Patients with sepsis and/or acute respiratory failure are at high risk for death or long hospital stays, yet limited evidence exists to guide triage to intensive care units (ICUs) or general medical wards for the majority of these patients who do not initially require life support. To identify factors that influence how hospitals triage patients with capacity-sensitive conditions and those factors that may account for observed ICU relative to ward, or ward relative to ICU, benefits for such patients. We conducted an explanatory sequential mixed-methods study.
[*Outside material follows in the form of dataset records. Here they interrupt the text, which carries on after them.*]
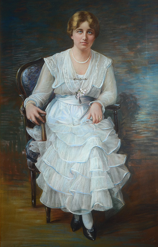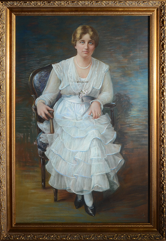 LARGE PASTEL PORTRAIT OF A YOUNG BEAUTY IN WHITE: Signed Phillips lower right and dated 1920, sight size 39.5 x 25, newer frame 45.5 x 31.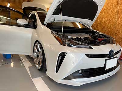 常連様のプリウスが入庫。こちらのお客様はもう20年以上に渡って当店をご利用いただいている超常連様。いつも外装内装ともビシッと作り上げていて、オーディオもアウターバッフル、トランクカスタムと見せる要素をきちっと抑えつつ、音質にもこだわるという毎回力の入った一台を作り上げていただいています。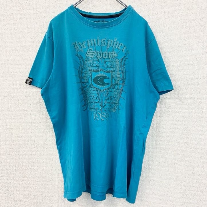 > 古着 used HEMISPHERE SPORT 半袖プリントTシャツ 水色 Y2K レトロ ライトブルー XXLサイズ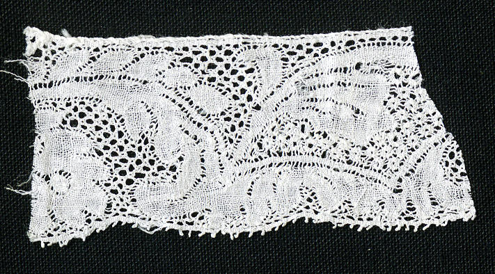 Strook Valenciennes kloskant. Het rapport van het patroon is niet compleet. De grond is een zogenoemde 'vijfgaatjesgrond'. De vlakvulling in de motieven bestaat uit zogenoemde 'eksteroogjes'. De stof is onder meer gebruikt in de Marker streekdracht, als afwerking van de witte schouderdoeken.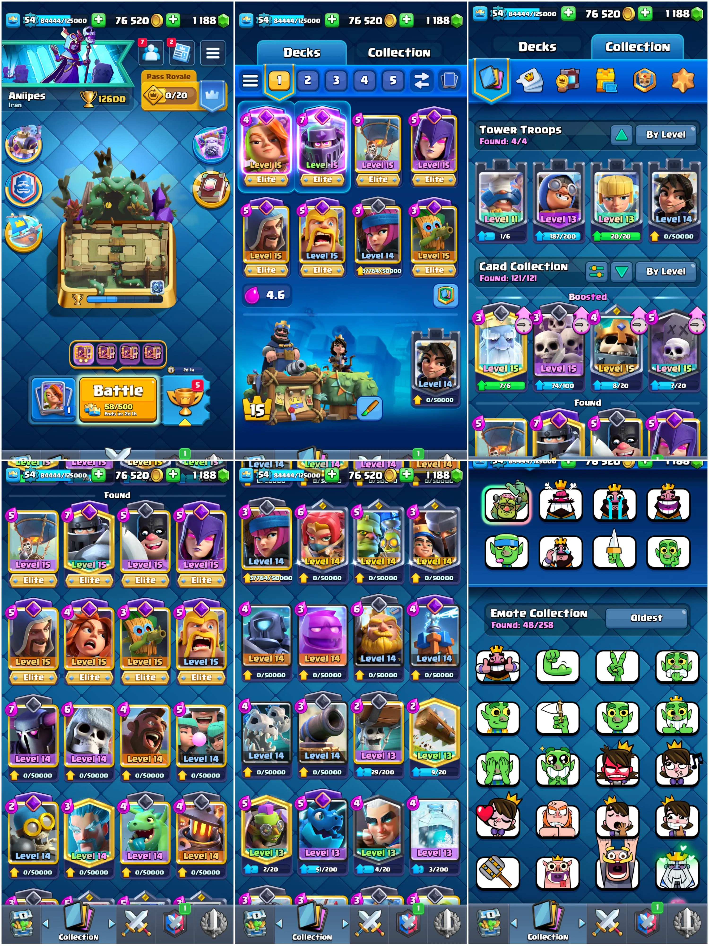 🔥 Level 54 + KT 15 • 12600 Trophies 🏆 • 26 Max Cards {8 Elites} + 11 Evolutions 💥 • 48 Awesome Emotes + 4 Tower Skins 🎯 • Instant Delivery ⚡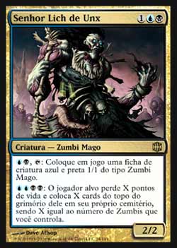 | Nome em Inglês: | Lich Lord of Unx | | Nome em Português: | Senhor Lich de Unx | | Custo de Mana: |    | | Tipo: | Criatura - Zumbi Mago | | Texto: |  , : Coloque no Campo de Batalha uma ficha de criatura azul e preta 1/1 do tipo Zumbi Mago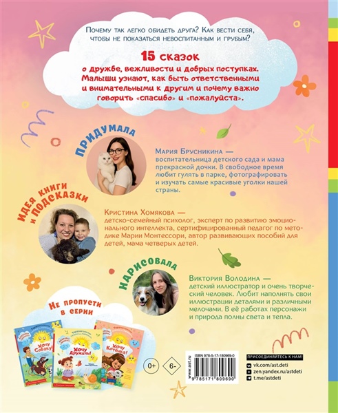 Почему так легко обидеть друга? Как вести себя, чтобы не показаться невоспитанным и грубым? 15 сказок о дружбе, вежливости и добрых поступках. Малыши узнают, как быть ответственными и внимательными к другим и почему важно говорить "спасибо" и "пожалуйста".

As part of a 27-hospital, two-health system retrospective cohort study, we calculated hospital-specific measurements of ICU net benefit for patients with sepsis and/or acute respiratory failure. Hospitals among the highest ICU net benefit and lowest ICU net benefit (or highest ward net benefit) from each study health system were selected for in-depth qualitative study. At each hospital, interviews were conducted with emergency department, ward, and ICU clinicians and administrators. Interview transcripts were analyzed using flexible coding and the framework method. Interviews were conducted with 118 respondents (46 physicians, 43 nurses, 5 advanced practice providers, and 24 administrators) from four hospitals. Respondents across hospitals agreed that the prediction of patient trajectory is central to triage decisions, but there was variation in opinion across work locations about optimal pretriage emergency department interventions in terms of intensity, repetition, clinical reassessment, and observation duration. The main difference observed between high and low ICU net benefit hospitals related to the way respondents working in the ICU and ward described their responses to patients who experience rapid clinical deviations from triage-expected trajectories, including sustained lack of critical care needs after admission to the ICU and acute critical care needs after admission to the ward. Hospitals with low ICU net benefit (or high ward net benefit) had particularly robust and proactive rapid response and clinical decompensation surveillance practices for ward-admitted patients. Particularly proactive rapid response programs that deliver on-location critical care may quantitatively increase ward net benefit by bringing ICU benefits without ICU-associated harms to ward patients who become critically ill.

摘要

患有脓毒症和/或急性呼吸衰竭的患者面临着高死亡风险或长期住院的情况,然而,对于大多数最初不需要生命支持的此类患者,在分诊至重症监护病房(ICU)或普通内科病房方面,可供参考的证据有限。为了确定影响医院对容量敏感型疾病患者进行分诊的因素,以及那些可能解释观察到的ICU相对于病房,或病房相对于ICU对这类患者的益处的因素。我们开展了一项解释性序列混合方法研究。作为一项涉及27家医院、两个医疗系统的回顾性队列研究的一部分,我们计算了脓毒症和/或急性呼吸衰竭患者在各医院的ICU净效益的具体指标。从每个研究医疗系统中,选取ICU净效益最高和最低(或病房净效益最高)的医院进行深入的定性研究。在每家医院,我们对急诊科、病房、ICU的临床医生和管理人员进行了访谈。使用灵活编码和框架方法对访谈记录进行了分析。我们对来自四家医院的118名受访者(46名医生、43名护士、5名高级执业提供者和24名管理人员)进行了访谈。各医院的受访者一致认为,对患者病情发展轨迹的预测是分诊决策的核心,但在不同工作地点,对于分诊前急诊科最佳干预措施在强度、重复次数、临床重新评估和观察时长方面的意见存在差异。在ICU净效益高和低的医院之间观察到的主要差异,与在ICU和病房工作的受访者对那些临床情况迅速偏离分诊预期轨迹的患者的应对方式有关,包括入住ICU后持续缺乏重症监护需求以及入住病房后出现急性重症监护需求。ICU净效益低(或病房净效益高)的医院对入住病房的患者有特别健全且积极主动的快速反应和临床失代偿监测措施。特别是那些能提供现场重症监护的积极主动的快速反应项目,通过为病情危重的病房患者带来ICU的益处而不带来与ICU相关的危害,可能会在数量上增加病房净效益。